“La missione per condividere”. Ilaria Tinelli di Palazzolo in Mozambico come missionaria laica

Cosa significa essere missionario laico nel ventunesimo secolo e dedicare la propria vita al servizio di altri, spesso in condizioni di estremo bisogno? Per rispondere a questa domanda incontro Ilaria Tinelli, di Palazzolo, appartenente ai Laici Missionari Comboniani, alla vigilia della sua partenza avvenuta la prima settimana di marzo. Sopra Ilaria con mamma e papà (foto Marco Bonfichi).

La sua destinazione è il villaggio di Carapira, situato nel nord del Mozambico, un ex colonia portoghese posizionata nell’Africa sudorientale di fronte all’isola del Madagascar.

Palazzolo è stato in passato terreno fertile per vocazioni religiose; negli anni Cinquanta del secolo scorso molte ragazze del paese sono diventate suore carmelitane e numerose poi sono state le vocazioni sacerdotali anche in tempi recenti.

Per quanto riguarda il volontariato laico si ricorda l’opera del dott.
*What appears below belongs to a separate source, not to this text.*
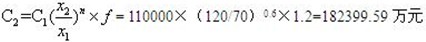 7、已知建設(shè)某生產(chǎn)70萬噸化工裝置的投資額為110000萬元,現(xiàn)擬建生產(chǎn)120萬噸的同類裝置,工程條件與上述裝置類似。生產(chǎn)能力指數(shù)為0.6,價格調(diào)整為1.2,則擬建裝置的投資額估算為( ?。┤f元。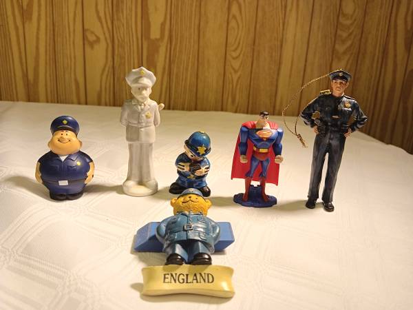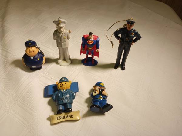 This lot of 6 collectable police and superman ornaments and the Enland bear (magnet) is for sale today for that collector in your life. Makes a great holiday gift. Contact me with any questions or...

Tacconi in Uganda ed ora la tradizione continua con Ilaria che fa parte dei Laici Missionari Comboniani (LMC) che, sul loro sito, si definiscono “Missionari per vocazione cristiana, sono uomini e donne immersi nel quotidiano, vivono del proprio lavoro e trattano le realtà del mondo (economia, politica, cultura…) secondo il Vangelo”.

Ilaria è una giovane donna determinata e sicura di sé che affronta con serenità questa fase della sua vita per nulla intimorita dai compiti piuttosto impegnativi che dovrà fronteggiare nei prossimi tre anni, tale è il periodo previsto di permanenza nella missione come da accordi con la diocesi di Verona e la chiesa locale. Una scelta non facile la sua ma elaborata e consolidata da una fede che dà certezze e sicurezza.
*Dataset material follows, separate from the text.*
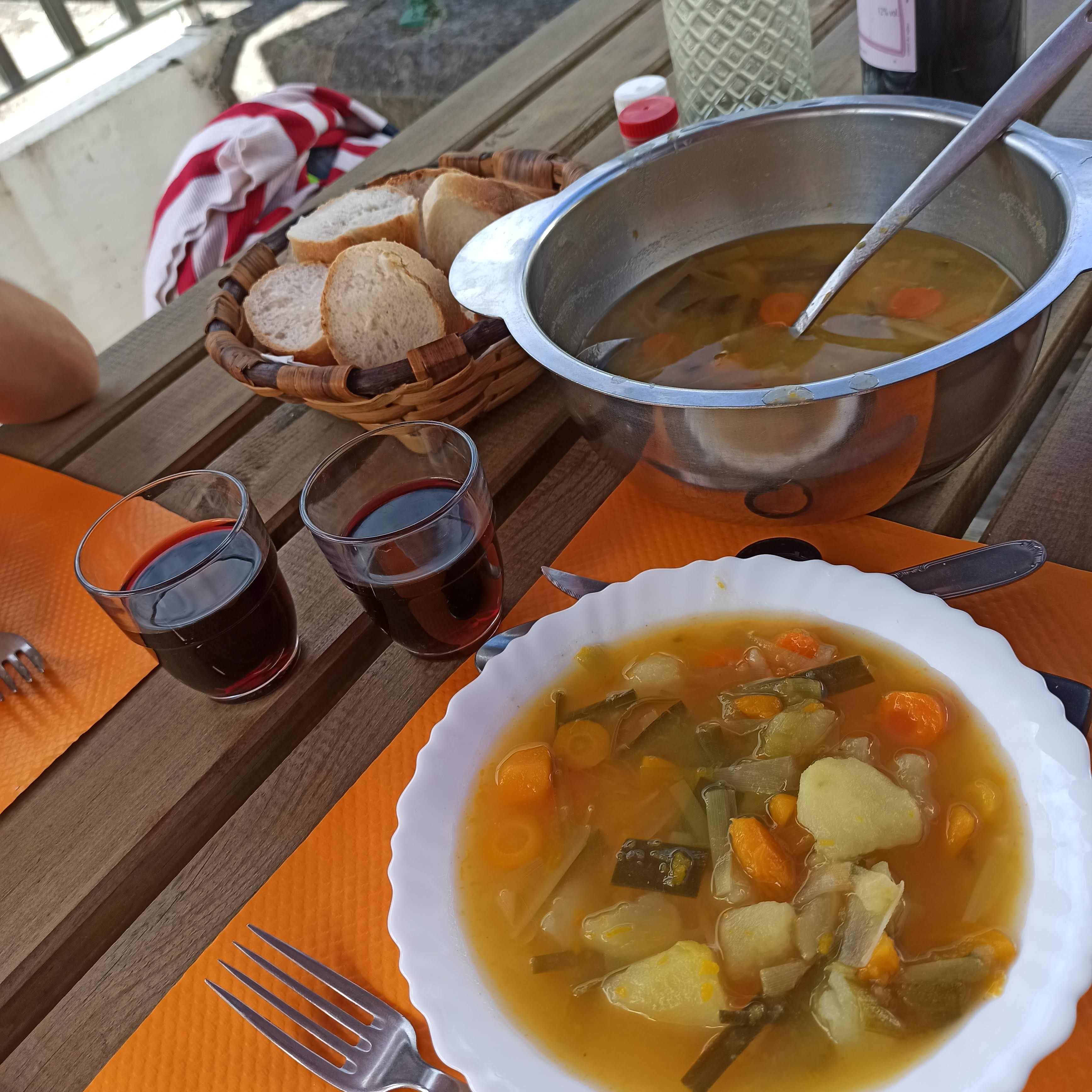 Il n’y avait pas de carte, juste ce qu’il y avait. Bonne nourriture très authentique et traditionnellement simple. Nous n'étions que deux ce soir-là. Nous nous sommes inscrits à l'heure du déjeuner et ils ont cuisiné rien que pour nous. À tout moment.

Mi faccio raccontare come è nato il suo rapporto con i Laici Missionari Comboniani.
Circa due anni fa è iniziato il mio cammino con la grande famiglia LMC che ha una sede a Verona (il fondatore della congregazione San Daniele Comboni è stato un nostro concittadino e un suo monumento è presente in piazza Isolo, NdR) e opera in tutto il mondo ed in modo particolare in Africa. Parto da Verona con Federica, di Porto di Legnago, con cui ho già vissuto un’esperienza di missione negli anni 2019, 2020 e 2021, in piena epoca Covid, in Uganda. Da lì è maturata la scelta di sentirsi famiglia con un istituto religioso e con la quale abbiamo poi proseguito il nostro servizio verso i più bisognosi in una comunità intercongregazionale missionaria in Sicilia al servizio dei migranti e sul territorio.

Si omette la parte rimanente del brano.